After studying autograd, I tried to make loss function myself. And here are my loss
def myCEE(outputs,targets):
exp=torch.exp(outputs)
A=torch.log(torch.sum(exp,dim=1))
hadamard=F.one_hot(targets, num_classes=10).float()*outputs
B=torch.sum(hadamard, dim=1)
return torch.sum(A-B)
and I compared with torch.nn.CrossEntropyLoss
here are results
for i,j in train_dl:
inputs=i
targets=j
break
outputs=model(inputs)
myCEE(outputs,targets) : tensor(147.5397, grad_fn=<SumBackward0>)

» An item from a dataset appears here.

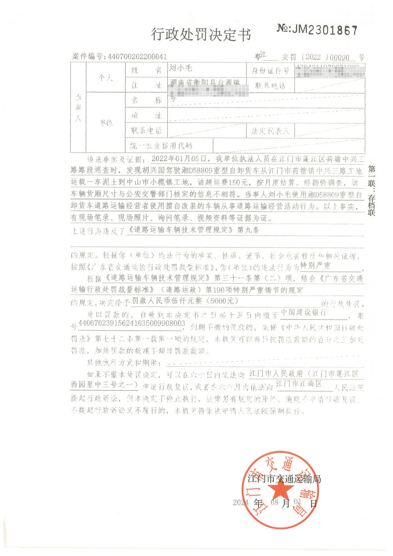 你(单位)因违反交通运输行政管理法规,本机关已作出行政处罚决定和责令改正通知书(具体内容详见附件)。依照《中华人民共和国民事诉讼法》第九十五条的规定,因受送达人采用其他方式无法送达,现向你(单位)公告送达《行政处罚决定书》和《责令改正通知书》。自公告之日起,经过30日即视为送达。

loss_func = nn.CrossEntropyLoss(reduction='sum') : tensor(147.5397, grad_fn=<NllLossBackward>)
values were same.
I thought, because those are different functions so grad_fn are different and it won't cause any problems.
But something happened!
After 4 epochs, loss values are turned to nan
.
Contrary to myCEE
, with nn.CrossEntropyLoss learning went well.
So, I wonder if there is a problem with my function.
After read some posts about nan
problems, I stacked more convolutions to the model.
As a result 39-epoch training did not make an error.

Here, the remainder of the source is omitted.